TA - CR.2005.0124 - 2006-07-31 - X. c/Service des automobiles et de la navigation

31 juillet 2006Français6 min

Source vd.ch

Faits

Vu les faits suivants:

A.

X._______, née le 15 janvier 1960, est titulaire d'un

permis de conduire pour voitures depuis le 12 juin 1980. Le fichier des mesures

administratives ne contient aucune inscription à son sujet.

B.

Le jeudi 24 mars 2005, vers 0h50, X._______ a été

interpellée alors qu'elle circulait au chemin de Sous-le-Mont, à

Cheseaux-sur-Lausanne, sous l'influence de l'alcool. Le test réalisé au moyen

de l'éthylomètre portatif a révélé un taux d'alcoolémie de 1,83 gr o/oo à 0h53

et à 0h54. L'analyse de sang, effectuée à 1h45, a révélé un taux d'alcoolémie

de 1,92 gr o/oo au minimum. Le permis de conduire de l'intéressée a été saisi

immédiatement.

Par avis d’ouverture de procédure du 14 avril 2005,

le Service des automobiles a informé l'intéressée qu'il envisageait de

prononcer à son encontre une mesure de retrait du permis de conduire et l'a

invité à lui faire part de ses éventuelles observations sur la mesure

envisagée.

Par lettre du 21 avril 2005, X._______ a expliqué se

Considérants

trouver dans une situation extrêmement difficile depuis la saisie provisoire de

son permis, étant domiciliée à 1._______ et ne pouvant se rendre sur son lieu

de travail au moyen des transports publics, travaillant au Centre A._______ de 2._______.

Son véhicule lui est également indispensable pour se rendre à 3._______, où

elle exerce une activité accessoire. Elle ne conteste pas l'ivresse au volant,

mais l’explique par le fait qu’elle fêtait les résultats positifs

post-opératoires de sa sœur, atteinte d’un cancer.
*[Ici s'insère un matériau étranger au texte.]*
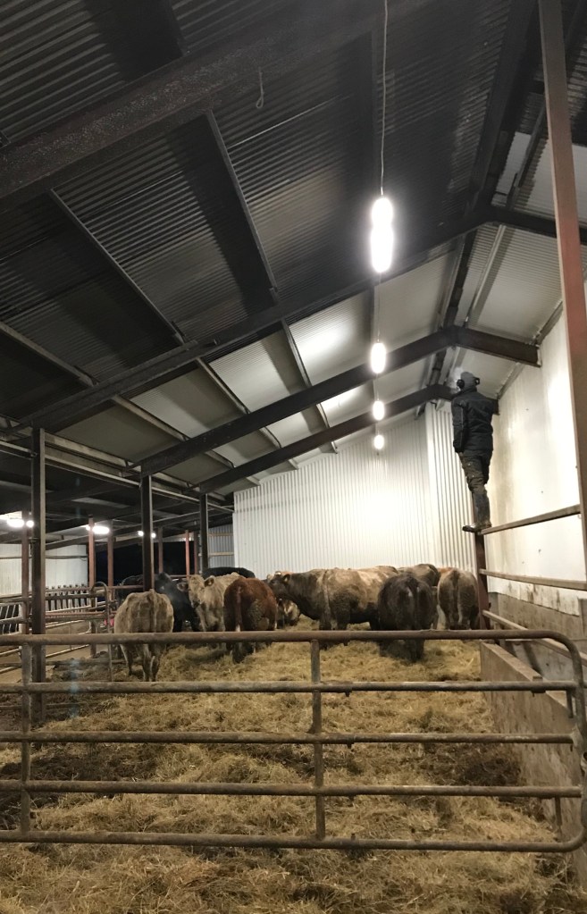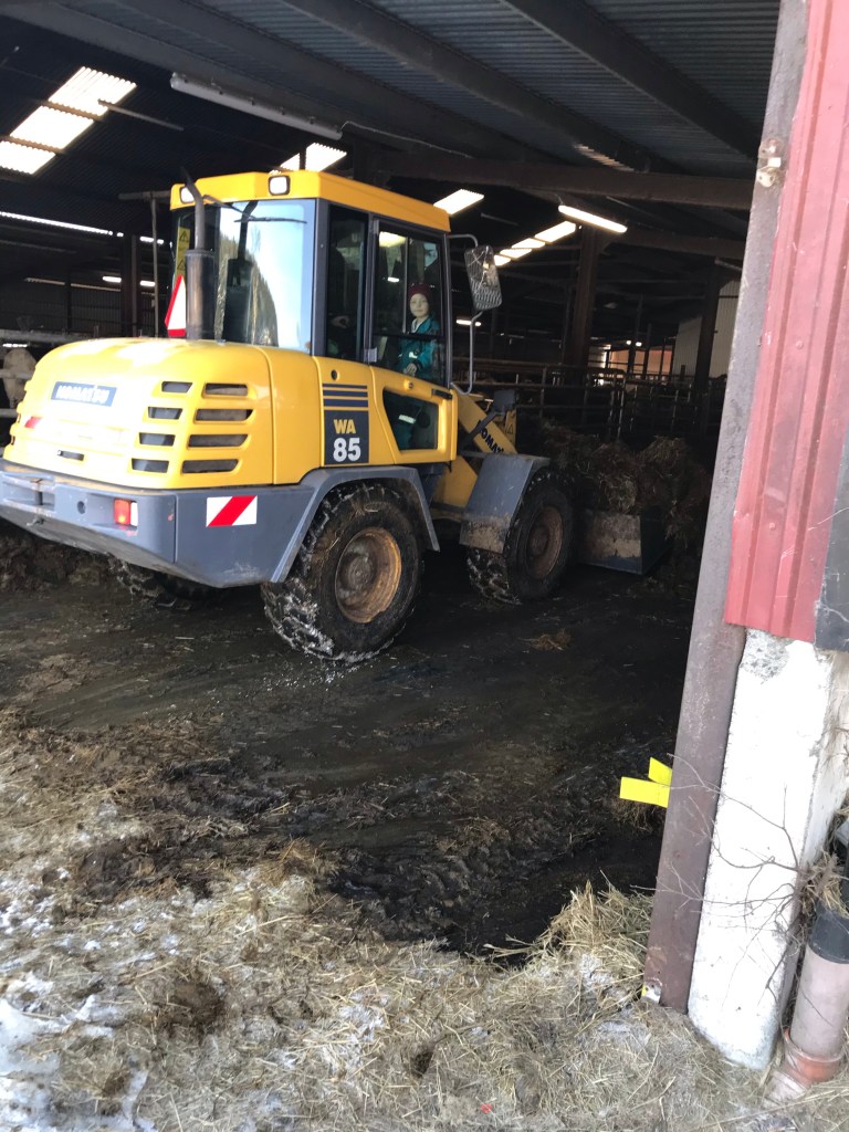 När det var klart på ena sidan var dagens andra uppdrag att tömma ena bädden. Det brukar gå, att köra hela innesäsongen innan djupströbädden måste tömmas och då gör vi det när vi släpper ut korna på bete på våren. Då kan man tömma lagårn i lugn och ro och helt utan djur.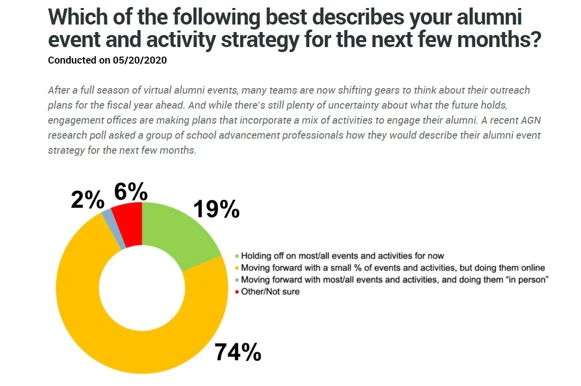 While Alumni Relations teams may be embracing the shift to virtual events, most of these institutions are apprehensive about going fully virtual while planning their events calendar for this year. Some feel that virtual events can never substitute the feeling that alumni share at in-person events and also are apprehensive about security concerns such as Zoom bombing. However, this new world order is gradually prompting many teams to think differently and explore all options.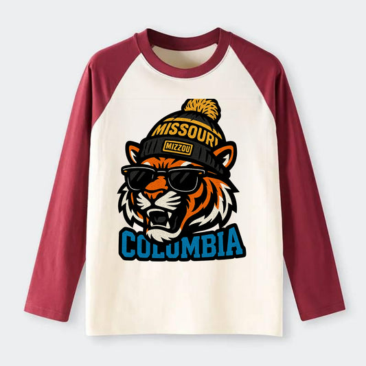 Columbia Tiger wearing Missouri beanie with Mizzou patch - Contrast Raglan T-shirt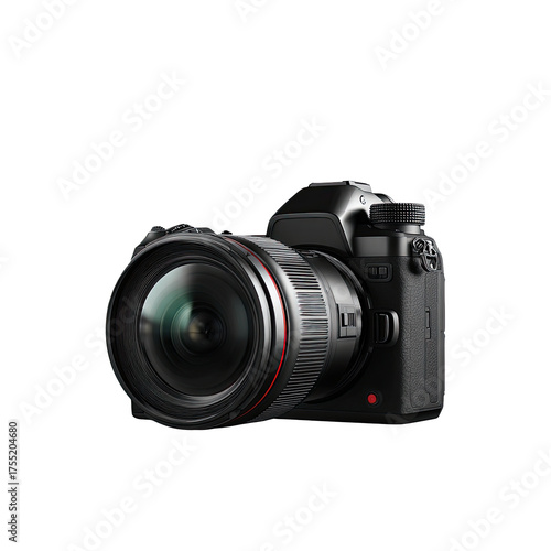 Sleek, black mirrorless camera with a large, professional lens; red accent detail visible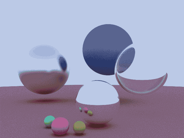 Он сам по себе от артефактов при дизеринге всё же не помогает, всё ещё нужно клампить ошибку. Но вроде бы чуть лучше палитру выдаёт, чем та версия median cut, которая у меня была до этого. В основном за счёт того, что деление коробок в цветовом пространстве делается не по медиане, а со смещением в часть коробки, где меньше плотность цветов, благодаря чему мелкие кластеры цветов меньше страдают от смешивания с цветами из более крупных кластеров. На пикриле три видно, что мелкие цветные шары стали более блеклыми, это из-за этого, я думаю. На пикриле четыре как будто получше.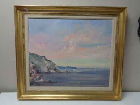A 20th century gilt framed oil on canvas, coastal landscape, indistinctly signed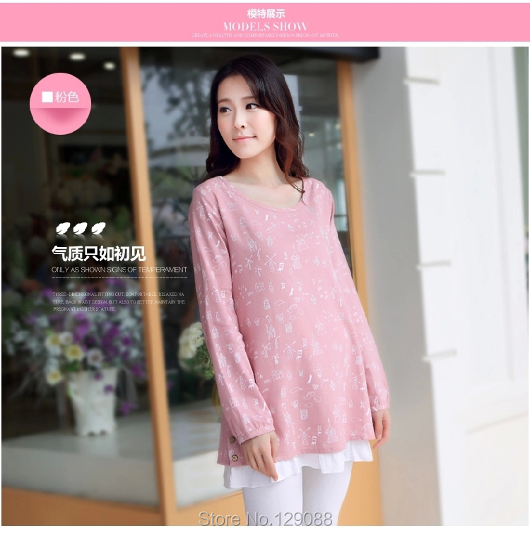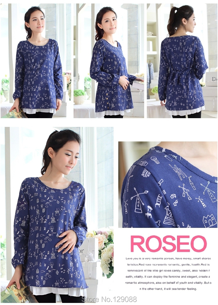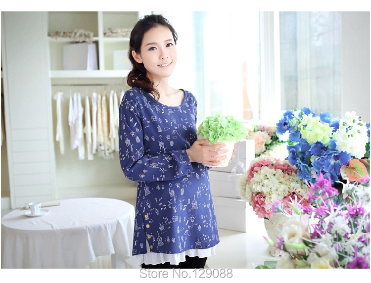 Product Name: Dress Maternity Plus Size Print V-neck LooseLong-sleeve Vestido Para Gravida 2015 Clothes For Pregnant Women False Two-piece
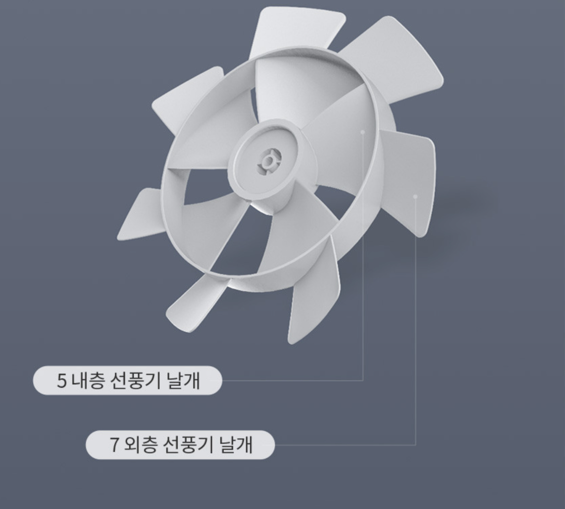 무엇보다 신기한 것은 소음입니다. BLDC 모터니 이중날이니 많은 설명을 하고 있는데 사용자들이 모든 정보를 찾아보기는 힘들 것입니다. 대충 안쪽에는 5개의 날, 바깥쪽에는 7개의 날로 이루어진 2중날 구조의 날이 바람의 세기와 방향을 다르게 설정해서 최적의 풍량을 전달해준다는 설계인데, 실제로 틀어보면 일반 선풍기와 바람의 질이 다르다는 것을 느낄 수 있습니다. 똑똑 끊어지는 바람이 마치 자연풍처럼 자연스럽게 불어오는 느낌입니다.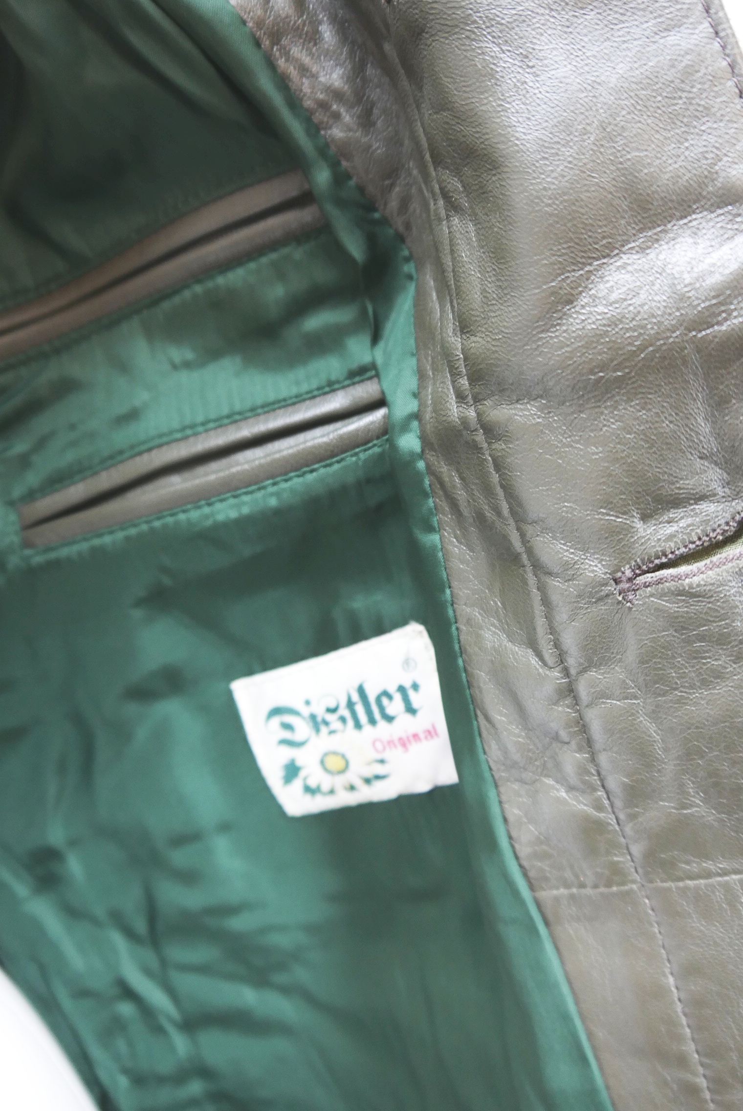 Distler Lederjacke grau Trachtenjacke Stickerei Ziegenleder leicht speckig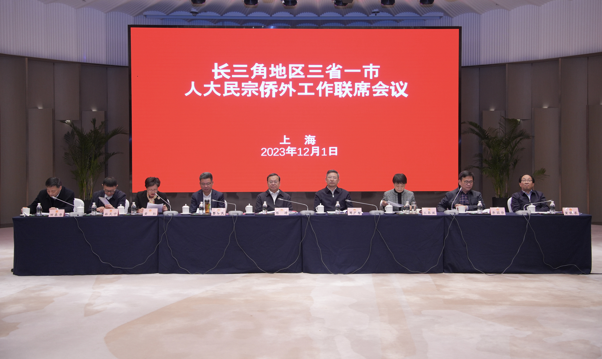 长三角地区三省一市人大民宗侨外工作2023年联席会议于11月30日至12月2日在上海临港新片区召开,上海市人大常委会副主任陈靖、江苏省人大常委会副主任周广智、浙江省人大常委会副主任暨军民、安徽省人大常委会副主任王翠凤出席会议并讲话。
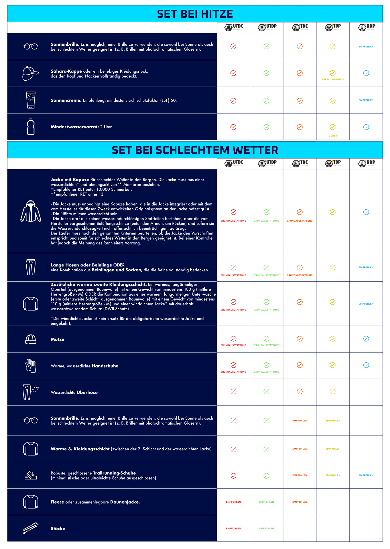 Die Sets "große Hitze" und "schlechtem Wetter" sind integraler Bestandteil der Pflichtausrüstung. Je nach Wetterbedingungen kann der Veranstalter ein Set aktivieren und informiert jeden Teilnehmer, bevor die Startnummernausgabe für sein Rennen beginnt. Jeder Teilnehmer muss dann seine Pflichtausrüstung, einschließlich des vom Veranstalter aktivierten Sets vorzeigen, um seine Startnummer abzuholen.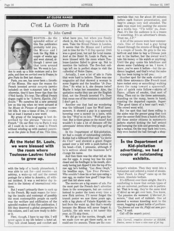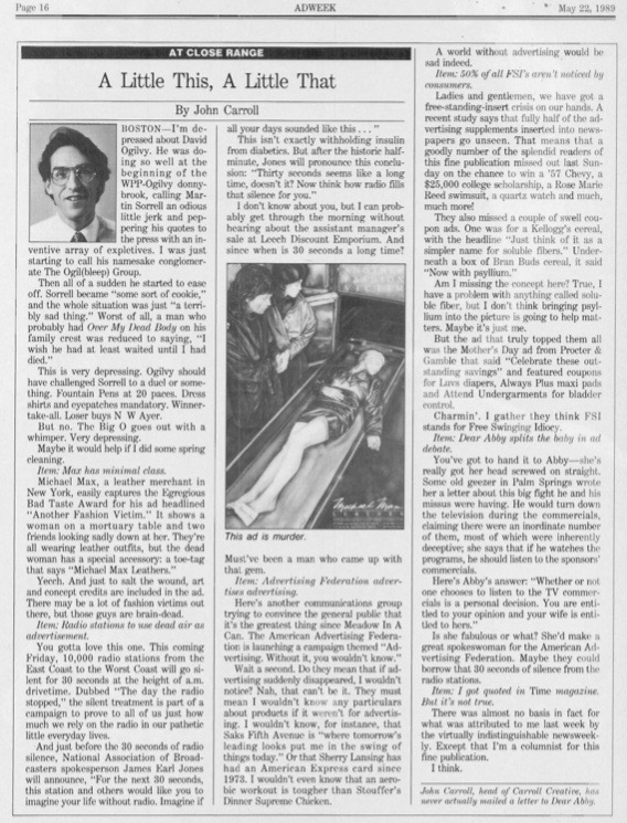 That column also established the style of signoff I would use for the next decade when I wrote about the advertising industry.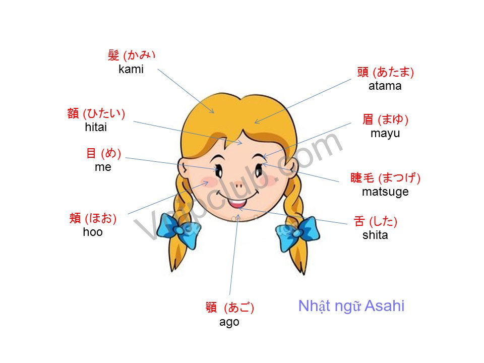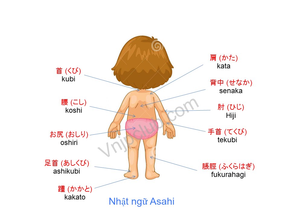 Các bộ phận của cơ thể (体の部位)Tổng hợp từ vựng về các bộ phận cơ thể bằng tiếng Nhật kèm phiên âm Romaji và nghĩa tiếng Việt giúp nâng cao vốn từ và phát âm chuẩn cho người học trong giao tiếp hàng ngày. Bật/Tắt PHIÊN ÂM HÁN TỰ 日本語 Romaji ベトナム語 頭 (あたま) Atama Đầu 鼻 (はな) Hana Mũi 歯 (は) Ha Răng のど Nodo Họng おなか Onaka Bụng 手 (て) Te Tay 指 (ゆび) Yubi Ngón tay 足 (あし) Ashi Chân 目 (め) Me Mắt 耳 (みみ) Mimi Tai 口 (くち) Kuchi Miệng 胸 (むね) Mune Ngực 腕 (うで) Ude Cánh tay へそ Heso Rốn 爪 (つめ) Tsume Móng tay ひざ Hiza Đầu gối 日本語 Romaji ベトナム語 首 (くび) Kubi Cổ 腰 (こし) Koshi Hông お尻 (おしり) Oshiri Mông 足首 (あしくび) Ashikubi Cổ chân 踵 (かかと) Kakato Gót chân 肩 (かた) Kata Vai 背中 (せなか) Senaka Lưng 肘 (ひじ) Hiji Khuỷu tay 手首 (てくび) Tekubi Cổ tay 脹脛 (ふくらはぎ) Fukurahagi Bắp chân 日本語 Romaji ベトナム語 髪 (かみ) Kami Tóc 額 (ひたい) Hitai Trán 頬 (ほお) Hoo Má 顎 (あご) Ago Cằm 頭 (あたま) Atama Đầu 眉(まゆ) Mayu Lông mày 睫毛 (まつげ) Matsuge Lông mi 舌 (した) Shita Lưỡi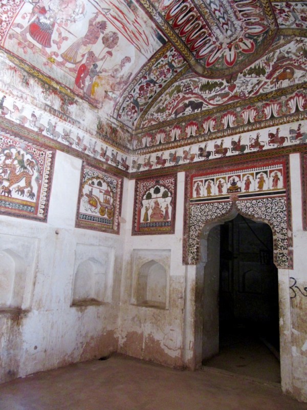 Les murs des pièces intérieures du Raja Mahal étaient recouverts de peintures, ce sont de véritables œuvres d’art. Orchha, Inde.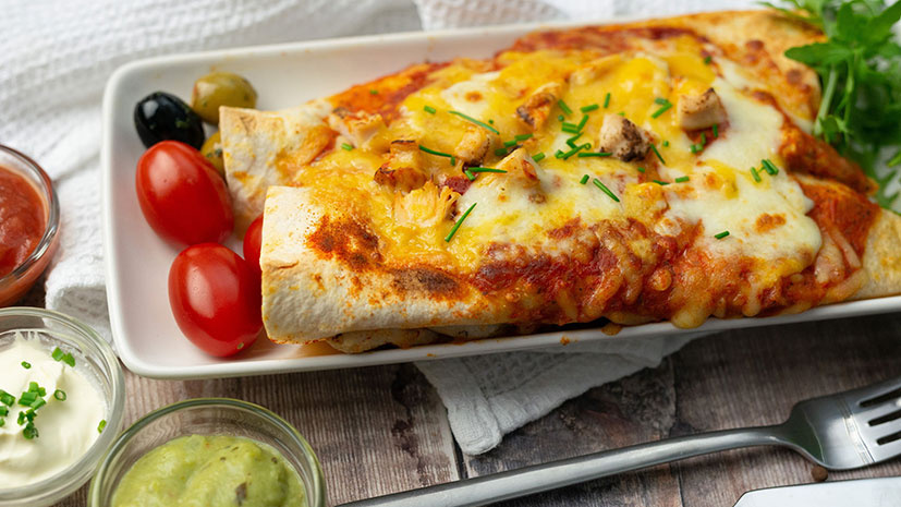 - Sprinkle the remaining Everyday Favourites Grated Cheese on top of the burritos for a lovely cheesy finish. We like a coloured Cheddar and mozzarella topping for a more authentic Mexican appearance!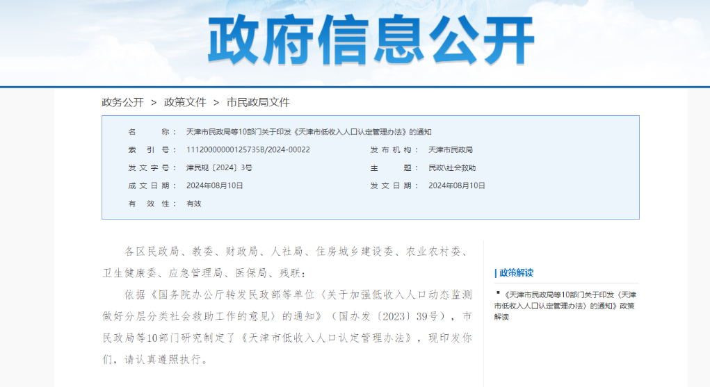 天津市民政局等10部门印发的《天津市低收入人口认定管理办法》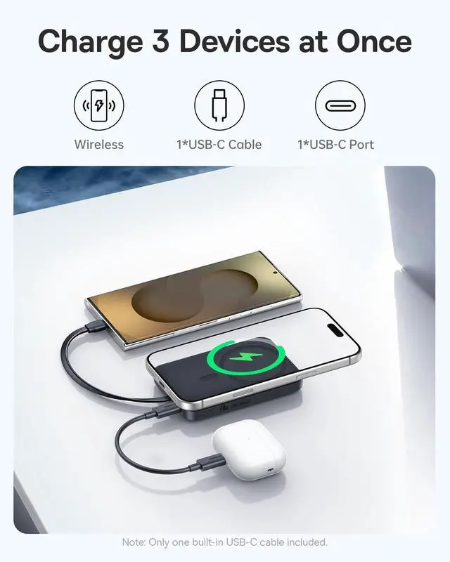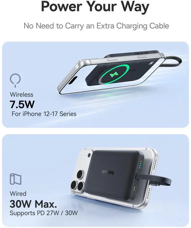 No More Cables! Baseus 10K mAh MagSafe Portable Charger with Built-in C-Cable.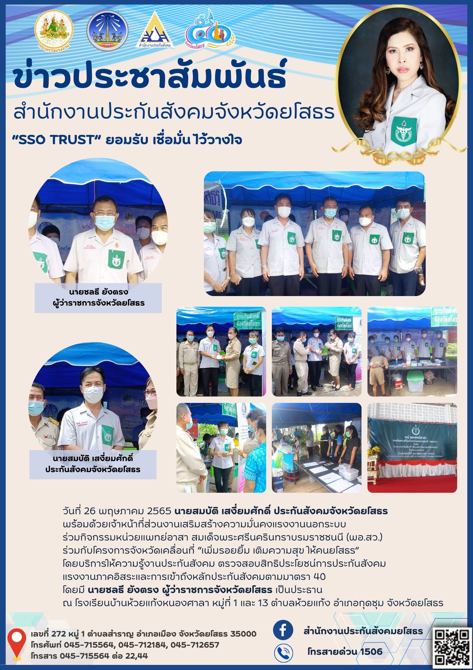 วันที่ 26 พ.ค. 2565 (17:10 น.)วันที่ 26 พฤษภาคม 2565 นายสมบัติ เสงี่ยมศักดิ์ ประกันสังคมจังหวัดยโสธร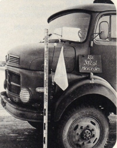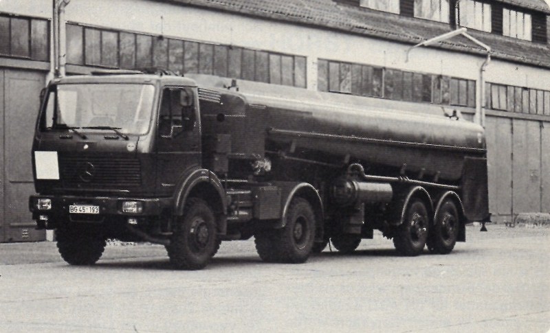 Größtes und längstes Kfz des BGS: Tanklastzug mit Auflieger für 20 000 Ltr. Benzin. Gew. 30 t. DB- Zugm. 1626 AS, 256 PS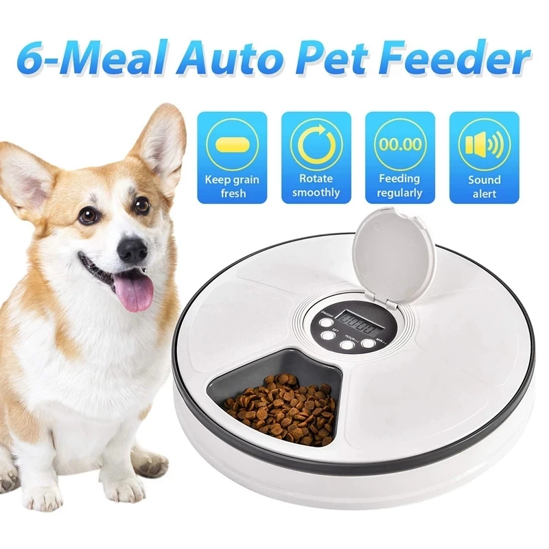 Автоматическая медленная кормушка для домашних животных, 6 блюд, дозатор Сухого Корма для кошек и собак, таймер на 24 часа, аксессуары для собак

Elle se prévaut par ailleurs

de ses excellents antécédents en plus de 25 ans de conduite.

Par décision du 12 mai 2005, le Service des automobiles

a ordonné le retrait du permis de conduire de X._______ pour une durée de

quatre mois, dès le 24 mars 2005 et jusqu'au 23 juillet 2005.

C.

Contre cette décision, X._______ a déposé un recours en

date du 19 mai 2005. Elle se prévaut de la nécessité professionnelle que revêt

pour elle son permis de conduire en se référant à la lettre adressée au Service

des automobiles le 21 avril 2005. Elle conclut à ce que la durée du retrait

soit sensiblement réduite.

L'effet suspensif a été accordé au recours le 26 mai

2005.

La recourante, vu sa situation financière précaire,

a été dispensée de l'avance de frais.

Dans sa réponse du 7 juillet 2005, le Service des

automobiles a conclu au rejet du recours et au maintien de sa décision.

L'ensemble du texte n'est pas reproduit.